If you’re a fan of Nancy Drew, “Veronica Mars,” and/or pulp fiction, listen up: Another amateur girl sleuth is headed for the screen, and this one faces off against monsters. Sony has won the screen rights to Emil Ferris’ critically-acclaimed graphic novel “My Favorite Thing Is Monsters” after a bidding war, Deadline reports.
Released this January, the story is set in late ’60s Chicago and serves as “the fictional graphic diary of 10-year-old Karen Reyes. It is infused with B-movie horror and pulp monster magazines iconography,” Deadline writes. “Karen tries to solve the murder of her enigmatic upstairs neighbor, Anka Silverberg, a Holocaust survivor, while the interconnected stories of those around her unfold. When Karen’s investigation takes us back to Anka’s life in Nazi Germany, where the reader discovers how the personal, the political, the past, and the present converge. Present throughout are monsters, real and imagined.”

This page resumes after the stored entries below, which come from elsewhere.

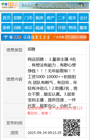 网店招聘: 1.童装主播 4名,有想法有能力,有野心想挣钱!!!无年龄限制!!工资5000-10000++积极阳光 团队有朝气,有目标,年轻有冲劲儿!2.助播2名,男女不限,踏实认真。3.居家宝妈主播,提供货源,一件代发,居家办公,小时工 有工作经验者优先录用!!!男女不限。地址:东亚 菜市场 大医院附近 县城 ,联系电话:15533197597 【电话咨询时,请一定说明在宁晋123看到的,谢谢!】 |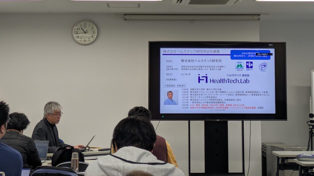 2026年1月8日(木)、京都大学医学研究科 社会健康医学系専攻科目で開講された「健康・予防医療学領域の実装科学」科目にて、弊社代表の阿部が講義を行いました。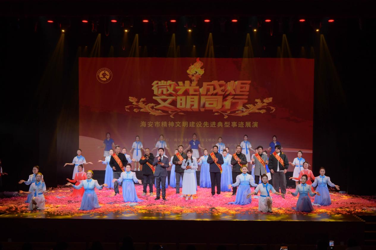 近日,海安“微光成炬 文明同行”精神文明建设先进典型事迹展演活动举行。活动现场,灯光璀璨、暖意涌动。一个个鲜活的榜样故事通过情景剧、事迹宣讲、歌舞表演等形式徐徐铺展,引得现场观众掌声雷动、热泪盈眶,每一个节目都是海安好人的生动写照,每一段事迹都彰显着海安人的赤诚与善良。这场集视觉与心灵于一体的展演,不仅是对海安2025年精神文明建设成果的集中检阅,更像一把钥匙,打开了这座“好人之城”的温暖篇章,让我们看见,在海安的大街小巷、田间地头,好人如星火燎原,善意如春风拂面,“海安好人多、海安人好”的城市名片愈发鲜亮。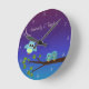 Zwei Babyeuulen kuscheln und setzen sich unter einem Dämmerhimmel voller funkelnder Sterne nieder, während die Mama-Eule über sie wacht. Leicht zu personalisieren oder zu löschen Text nur für Kunstwerke. Dieses Design funktioniert sowohl für mittlere als auch für große Uhren. Original Artwork von Night Owl's Menagerie, 2010.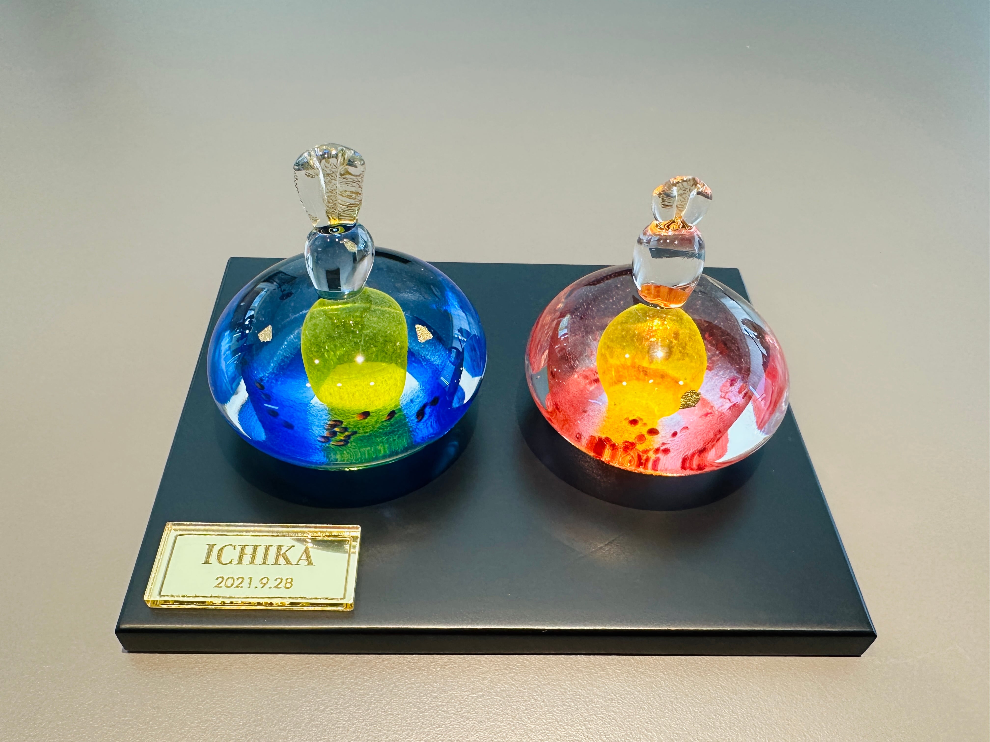 満月の夜に寄り添う男女をイメージしたガラス雛です。まるで和菓子のような愛らしい形。金箔の桜の花びらがガラスの中で舞っています。 ぽってりとした丸いフォルムも愛らしく、まるで和菓子のような雛人形です サイズ: 女雛 縦6.5×横5.5×奥行5.5cm 男雛 縦7×横5.5×奥行5.5cm 台 15×12cm 厚み1cm デザイン ichi glass 原加奈子 制作 ichi glass 原加奈子 *誕生石は非対応のお雛様です。 *金額は一体の価格となります。 *手作りのため、形や色に多少の個体差がございます。

No word on who will pen the screenplay or direct the film. Amasia Entertainment’s Bradley Gallo and Michael Helfant are producing the project, and Palak Patel is overseeing for Columbia Pictures.
“I always felt like [monsters] were kind of heroic because they were facing something,” Ferris told NPR. “Becoming a monster sometimes isn’t a choice that you have. We’re all that; we’re all ‘the other’ in one way or another.” She began working on “My Favorite Thing Is Monsters” after she was bitten by a mosquito that infected her with West Nile virus. “The virus left her paralyzed, but eventually she regained some use of her right hand and learned to draw again by duct-taping a quill pen to her hand. Ferris now walks with the help of a cane,” NPR details.
If you love the graphic novel and can’t wait for Karen’s story to come to the big screen, you’re in luck. “My Favorite Thing Is Monsters Vol. 2” is scheduled to hit shelves October 10.